When we were introduced to MLOps, the teams got more complicated! We won’t go into every persona, but the image below shows one example of an MLOps team.

As you can see, the team grew. I won’t go into exact details, but I can summarize the issues impacting MLOps teams as “more data, more problems”.

The More Data We Come Across, the More Problems We See

So… when did DevOps become MLOps, and where did things go so wrong (or right!) The major wrench in the previous DevOps system was the introduction of data and, therefore, data scientists, data engineers, and the data systems they support! One thing often overlooked is that data scientists are NOT engineers. They are brilliant people focused on algorithms and techniques to create models that can accurately predict, classify, or generate insights from data. Scaling infrastructure, code lifecycle, and cloud engineering are beyond the scope of their responsibilities. Statistical analysis and data insights are enough! This is the equivalent of wanting a geologist specializing in finding new gold mines to find the mines and mine gold! As for MLOps teams, now teams have not one but TWO (or more, to be perfectly honest) walls of confusion (the wall representing the handing off of work in ways the next member is unfamiliar with; see below).

All these professionals have their tools and priorities yet rely on each other to specialize and scale their systems. However, as stated above, data scientists are NOT software engineers. So, how did the industry solve this? By creating the new role, we alluded to the machine learning engineer!

Machine Learning Engineer Rise!

A machine learning engineer bridges the gap between data scientists’ prototypes and production-ready systems. They optimize models, transform them into production-grade software, and integrate them with existing IT infrastructure. MLOps supports their role by providing tools for version control, CI/CD pipelines for models, and monitoring systems, ensuring models are deployable, maintainable, and scalable in production environments.

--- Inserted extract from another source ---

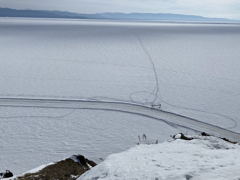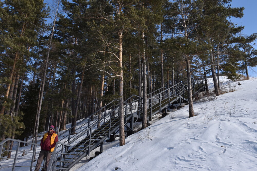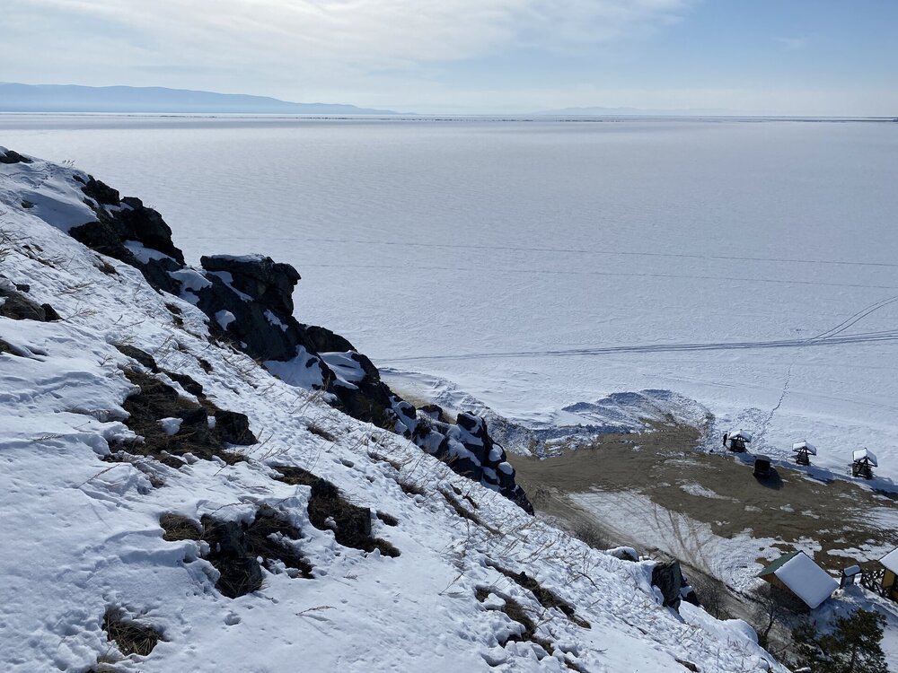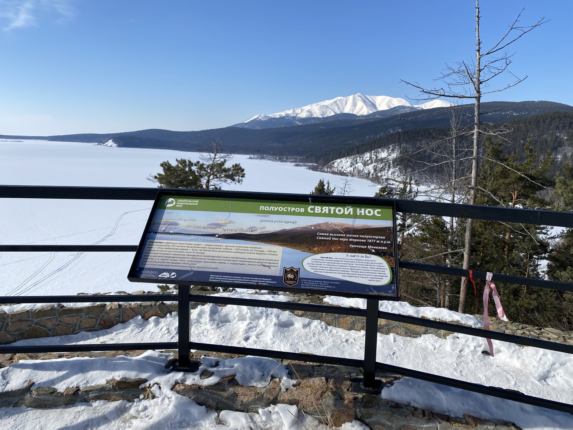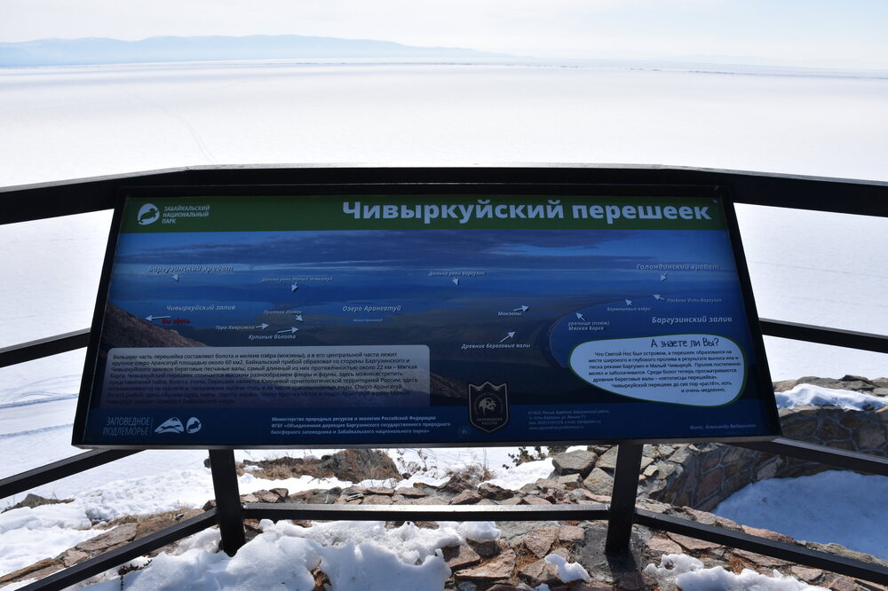 Полуостров Святой Нос по-другому называется «морда осетра». Наименование прижилось благодаря удивительной форме этого природного образования. Он разъединяет Баргузинский и Чивыркуйский залив. Площадь Святого Носа – около 600 квадратных километров, а длина – немного больше 50 км. Давным-давно географический объект был в статусе острова, но процессы выветривания и вымывания способствовали нанесению песчаной косы – Чивыркуйского перешейка, навсегда изменившего очертание Святого Носа. Спровоцировали появление косы реки Баргузин и Малый Чивыркуй. Ширина полуострова 20 км, и это в самой толстой его части. На территории Святого Носа есть населённый пункт Курбулик – крупнейший, но не единственный посёлок в данной локации. Также на полуострове имеется гора высотой 1878м. Её название – Маркова. Климатическая зона, к которой относится полуостров – высокогорная тундра. Святой Нос тянется параллельно Академическому хребту. По большей части это подводное образование нельзя увидеть, поскольку его скрывают волны Байкала, только иногда оно выступает над толщей воды в виде островов – представляете, насколько велико само озеро, если в нём легко прячется горная цепь! Посёлок Курбулик, расположенный на острове Святой Нос, состоит всего из четырёх улиц и живут в нём около 100 человек. Естественно основой местной экономики является туризм. Возле Курбулика отличные песчаные пляжи, в летний период притягивающие множество отдыхающих. Также большой популярностью пользуется зона отдыха поселок Катунь неподалеку от Курбулика. Другие места на побережье Байкала отличаются крупной галькой. Единственный минус полуострова – грунтовые и песчаные дороги, по которым очень трудно проехать после дождя. Перешеек Чивыркуйский разделяет два залива – одноимённый с косой и Баргузинский. Природа здесь тяготеет к региону высокогорной тундры, особенно в центре полуострова. С самой высокой точки Святого Носа видны знаменитые Ушканьи острова, на которых нежатся неповоротливые нерпы, а также неприступная стена Баргузинского хребта. Полуостров издавна считается средоточием мощнейшей энергетики, недаром местные шаманы неоднократно проводили здесь свои обряды, задабривая духов природы. Восхождение на Святой Нос – ответственное мероприятие. Тропа называется «дорога испытаний», а её протяжённость – 24 км. Начинается она от урочища Глинка, причем тропа часто петляет сквозь густой лес. Если вы увидели деревянный крест, значит, 2/3 пути уже пройдены. По дороге туристам встретится легендарный кедровый стланик, неоднократно упомянутый писателями, рассказывающими о быте заключённых сталинских лагерей. Из этого растения нередко варили зелье, которое считалось полезным и защищало от цинги, хотя доказательной базы по этому вопросу нет. Когда туристы, наконец, поднимаются на вершину каменного плато, то отсюда открывается великолепный вид на оба залива – Чивыркуйский и Баргузинский. Спуск к водам Байкала ещё более сложен, чем подъём на Святой Нос. Меня заинтересовал такой трек, но это возможно только летом. А у нас пока зима, да такая красивая и ослепительно белая!!! Следующая остановка у мыса Монахово, поднимаемся по лестнице на смотровую площадку.

This is where DevOps and MLOps converge—transforming a prototype into a production-ready system is like refining raw gold into a valuable piece of jewelry. In traditional development, a developer identifies patterns and codes them into an application, akin to separating impurities from ore. In machine learning, a data scientist uses data to train a model to discover patterns and generate predictions, like applying heat and precision to extract the purest gold.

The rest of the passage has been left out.